At least 25 people were killed on Wednesday, December 19, when unidentified armed men suspected to be cattle thieves attacked the villages of Gidan Halilu and Gidan Kaka, both located in Zamfara state. According to the police, only five people were killed in both attacks.
Furthermore, on Saturday, December 22, 17 people were killed when armed bandits attacked the village of Magami in Zamfara.
Residents and displaced persons in the Tsafe Local Government Area (LGA), Zamfara state, are currently protesting, as of Monday, December 24, to demand government action over the resurgence of armed violence in the rural communities.
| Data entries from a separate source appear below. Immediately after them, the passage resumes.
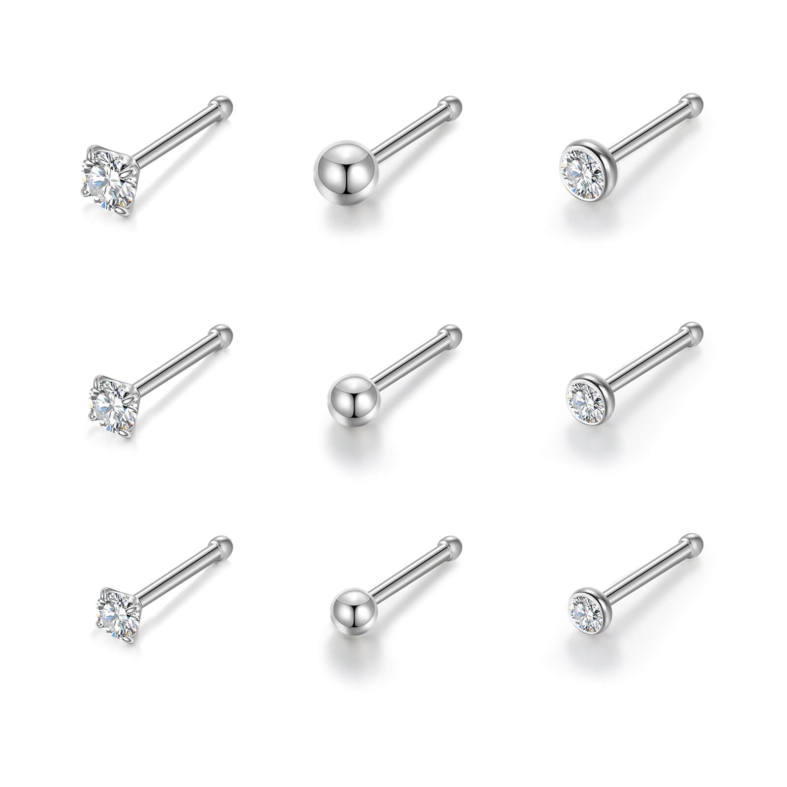 Size: 9pcs straight nose rings studs silver set,20G (0.8mm), Pin Length: 7mm, 6A CZ top size: 2mm/2.5mm/3mm. Titanium Nose Rings: Titanium is a highly stable corrosion resistance metal, making it an ideal material for body jewelry and accessories, it does not cause allergic reactions in the human bo
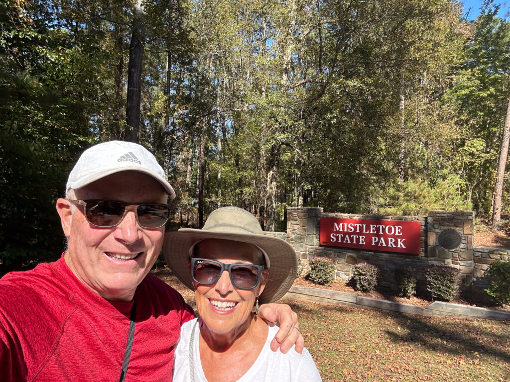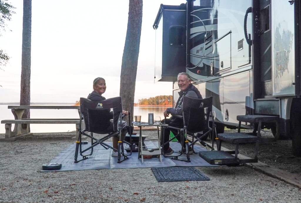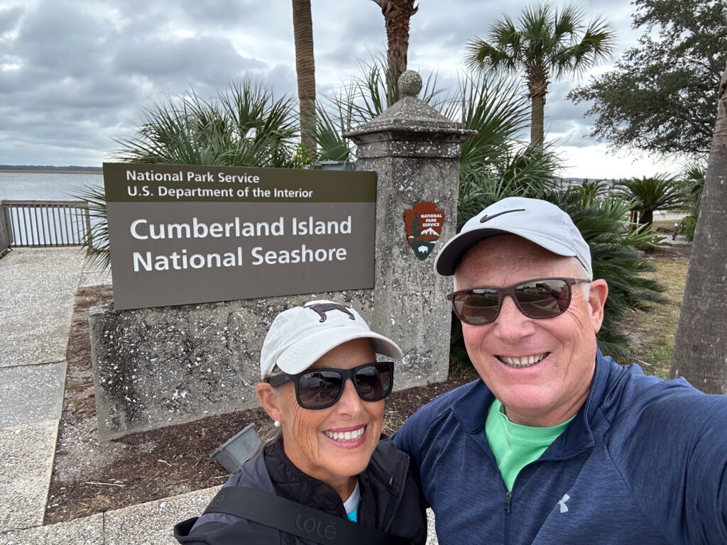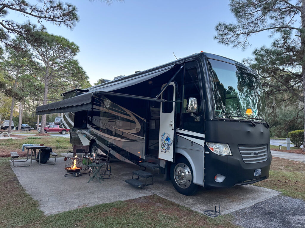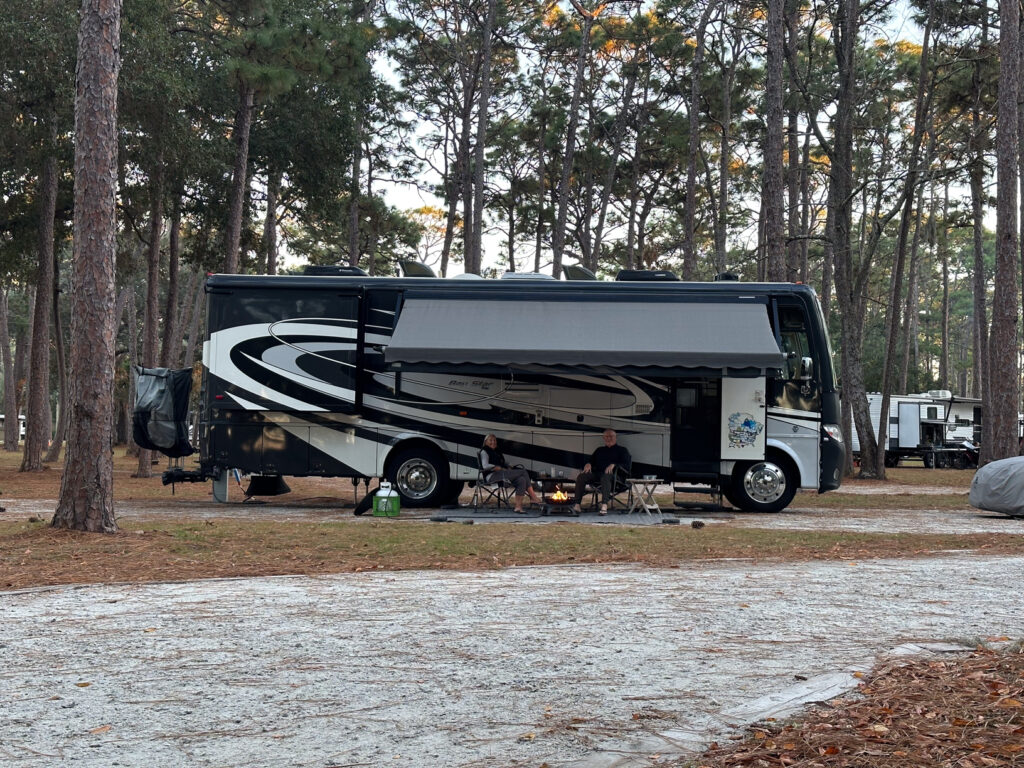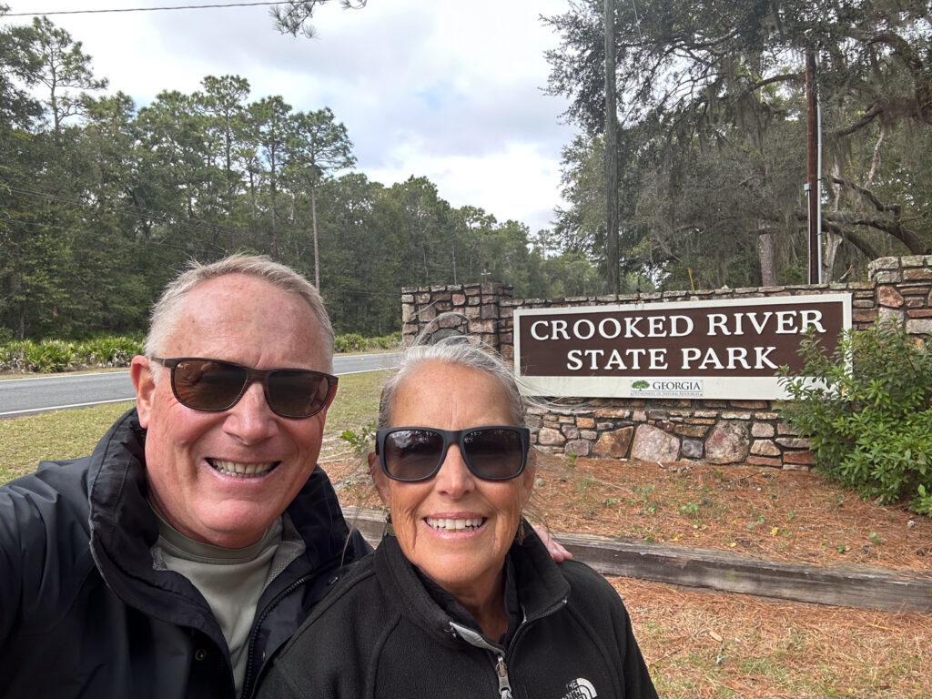 As we head out in the morning we dump but Mike had already filled the fresh water tank with water at our site (he wanted to disconnect the night before because it was supposed to get cold overnight).  We dump and hitch up with no problems and the drive is pretty easy. We find a Walmart Supercenter right on the way (easy in / easy out) and pick up a few things.  Though it’s not a stressful drive, it takes the bulk of the day and we find ourselves pulling in to Crooked River State Park in southeast Georgia around 4:00pm.  Both Deb & Tony and Steve & Debbie have stayed at this park and really enjoyed it. In addition many people we talked to at Mistletoe have stayed here and really liked it as well so we are looking forward to our stay here.  Although we don’t have a river view right from our site the campground looks nice and we look forward to exploring it over the next few days.  Our site is large, level and right in front of the bath house.   We set our chairs out and start the propane fire pit but it’s been a cold day and as soon as the sun goes down we end up inside for the night.  Joanne puts some salmon in the oven, mixes a salad together and we are good for the night.
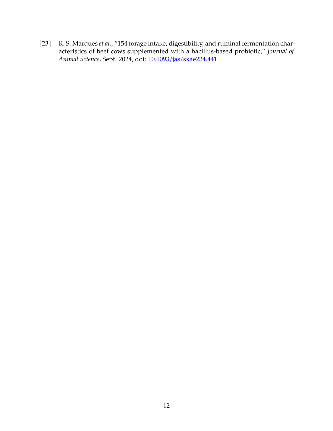 - R. S. Marques, A. Limede, V. Cruz, M. Ogg, I. A. Cidrini, A. C. M. D. Queiroz, F. Cidrini, I. Farias, A. N. Rodrigues, A. Motter, and B. Cappellozza, “154 Forage intake, digestibility, and ruminal fermentation characteristics of beef cows supplemented with a Bacillus-based probiotic,” Journal of Animal Science, Sep. 2024. doi: 10.1093/jas/skae234.441. View source
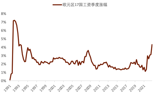 图表8:欧元区一季度工资涨幅创出30年以来最高
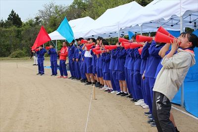 全員が1種目以上にエントリーし、全校体制で大会に臨みました。残念ながら大会途中で雨天中止となりましたが、代替案として後日校内記録会を行いました。全選手が自身の競技に全力を注いだり、一丸となった応援を響かせたりと、とても盛り上がる大会となりました。
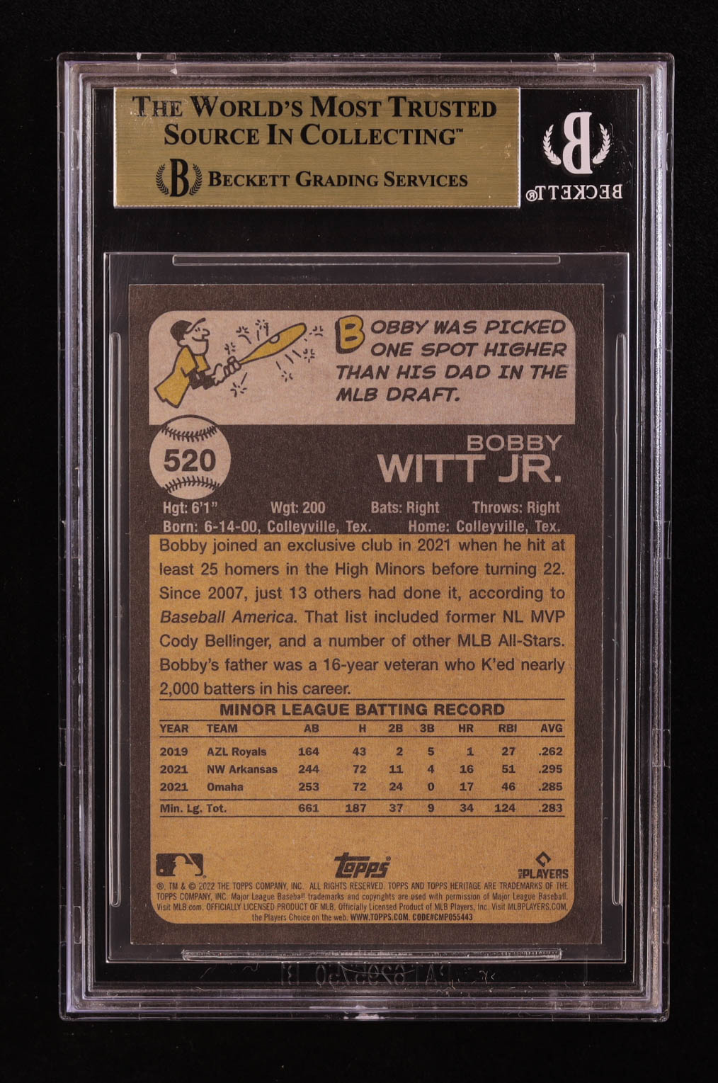 Bobby Witt Jr. 2022 Topps Heritage #520 RC (BGS 9.5)
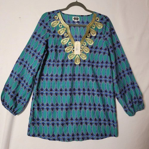 Mud Pie Tunic Top Womens Sz M 3/4 Puff Sleeves Corinne Green Blue & Gold NWT

A larger number of protesters have reportedly barricaded the Gusau-Zaria Road and disrupted traffic from Kaduna, Kano, and Katsina States. Additional clashes are likely in the coming days in Zamfara state.
Intercommunal clashes are common in Nigeria, especially between nomadic and settled communities. These kinds of clashes have been known to break out in the central Middle Belt region (e.g. in Plateau, Bauchi, Benue, Kaduna, and Nassawara states) as well as in the south, where casualties are regularly reported. The US Commission on International Religious Freedom has reported that murder rates linked to ethnic violence are higher in Nigeria than those related to terrorism, also a major security concern in the country.
Generally speaking, the security environment in Nigeria is complex and is particularly concerning in the northeast and extreme south of the country due to the presence of armed groups, high crime rates, and the risk of kidnapping. Some Western governments consequently advise against travel to certain areas of the northeast (e.g. states of Borno, Yobe, Gombe, Bauchi, and Jigawa as well as parts of Kano and Adamawa states) and the southern Niger Delta region (e.g. states of Delta, Bayelsa, Akwa Ibom, and Rivers). Professional security advice and support should be sought prior to travel to these areas.